Segment Open

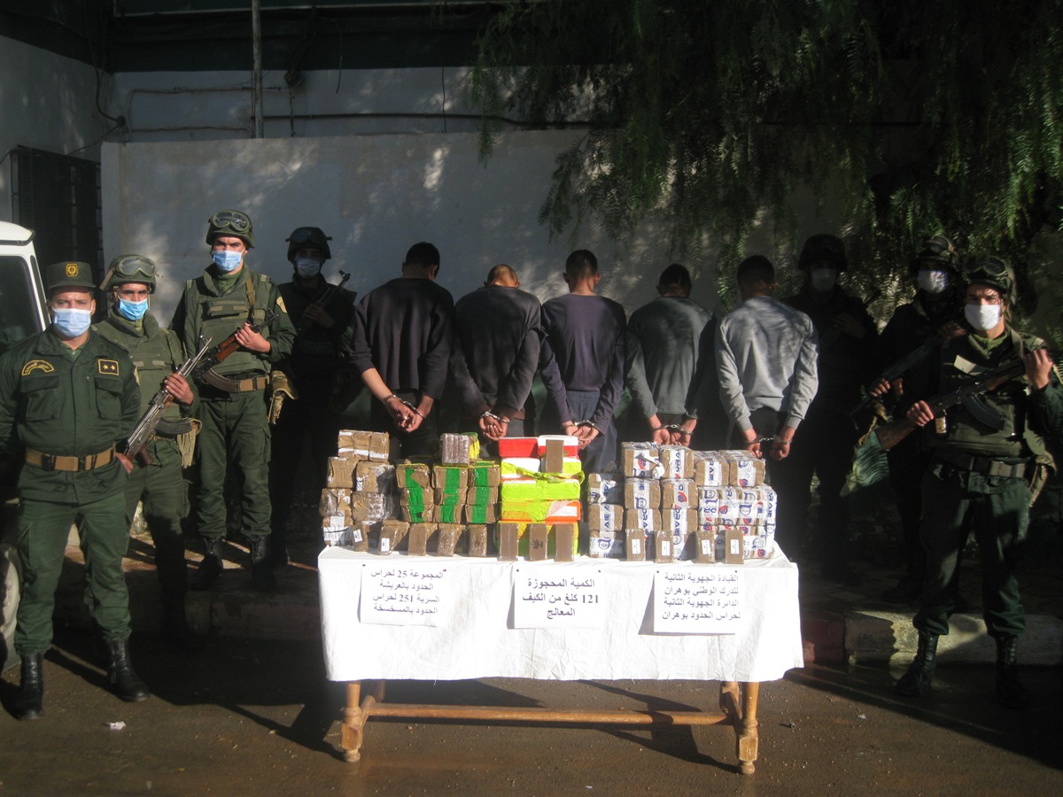 وتم خلال عمليات متفرقة حجز كميات ضخمة من الكيف المعالج تُقدر بـ 24 قنطار و58.632 كيلوغرام تم إدخالها عبر الحدود مع المغرب، حسب بيان لوزارة الدفاع الوطني.
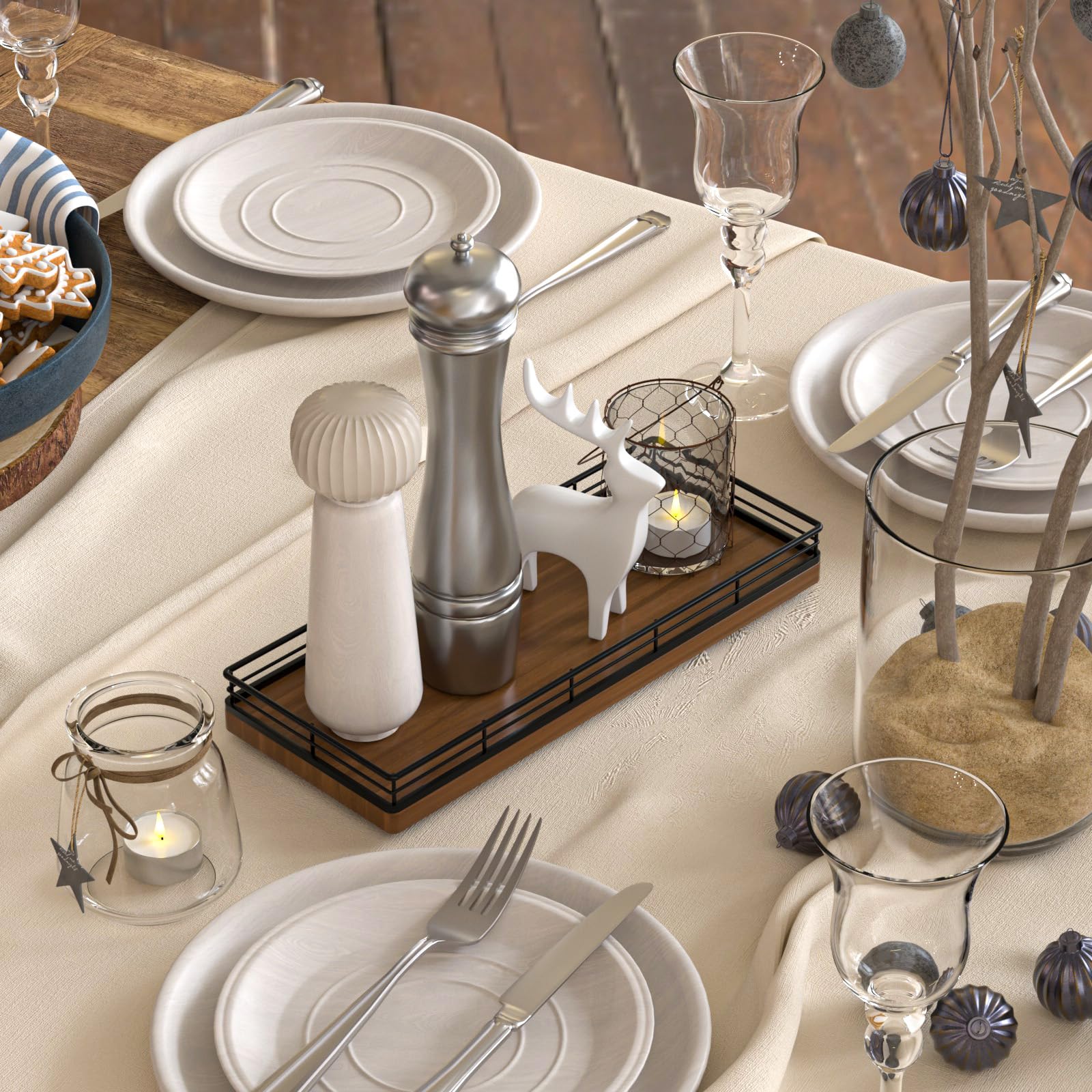 Unique Charm: Elevate your space with a unique appearance featuring a combination of iron mesh edges and solid oak base; Oak's distinctive and captivating grain pattern adds natural beauty, giving an exquisite touch of elegance and sophistication; This fusion blends modern minimalism with rustic charm seamlessly; This wood tray is crafted from high-quality oak, which ensures durability and increased load-bearing capacity
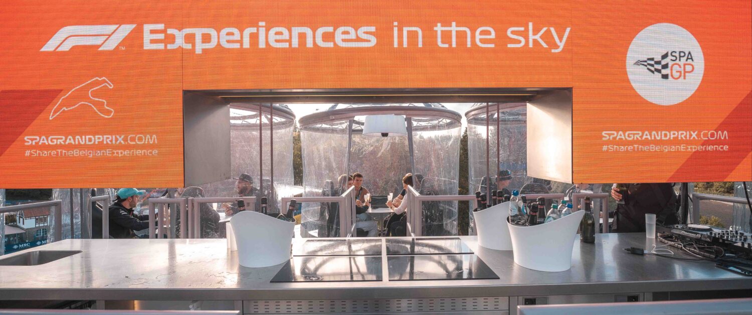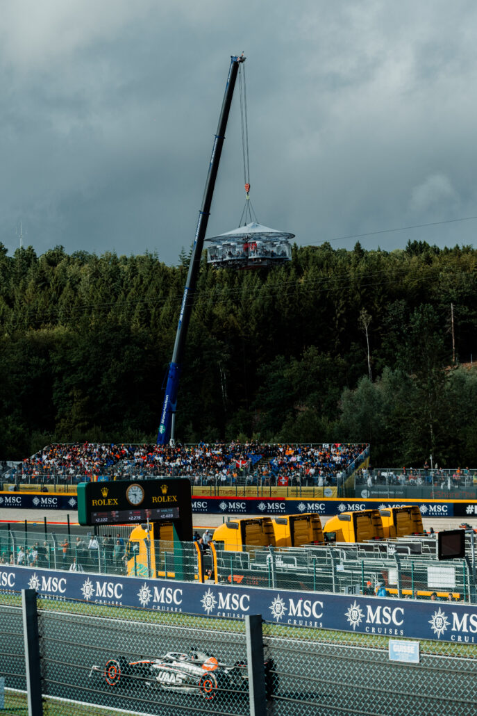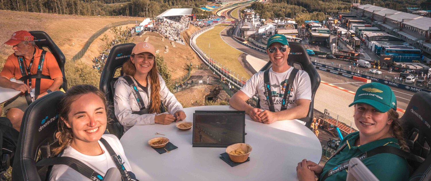 Tijdens de Formule 1 van Spa-Francorchamps hebben we bezoekers een unieke ervaring geboden met ons “Dinner in the Sky 2.0” platform. Vanaf een hoogte van 50 meter kregen gasten de kans om de spectaculaire race bij één van de scherpe bochten op het legendarische circuit te aanschouwen. Terwijl de auto’s onder hen door scheurden, konden de bezoekers genieten van een hapje en een drankje in een onvergetelijke setting.

Segment Closed

● YOUR TASK
Images in the data above are to be skipped. Retype all other material exactly.

● TASK ANSWER
 وتم خلال عمليات متفرقة حجز كميات ضخمة من الكيف المعالج تُقدر بـ 24 قنطار و58.632 كيلوغرام تم إدخالها عبر الحدود مع المغرب، حسب بيان لوزارة الدفاع الوطني.
 Unique Charm: Elevate your space with a unique appearance featuring a combination of iron mesh edges and solid oak base; Oak's distinctive and captivating grain pattern adds natural beauty, giving an exquisite touch of elegance and sophistication; This fusion blends modern minimalism with rustic charm seamlessly; This wood tray is crafted from high-quality oak, which ensures durability and increased load-bearing capacity
 Tijdens de Formule 1 van Spa-Francorchamps hebben we bezoekers een unieke ervaring geboden met ons “Dinner in the Sky 2.0” platform. Vanaf een hoogte van 50 meter kregen gasten de kans om de spectaculaire race bij één van de scherpe bochten op het legendarische circuit te aanschouwen. Terwijl de auto’s onder hen door scheurden, konden de bezoekers genieten van een hapje en een drankje in een onvergetelijke setting.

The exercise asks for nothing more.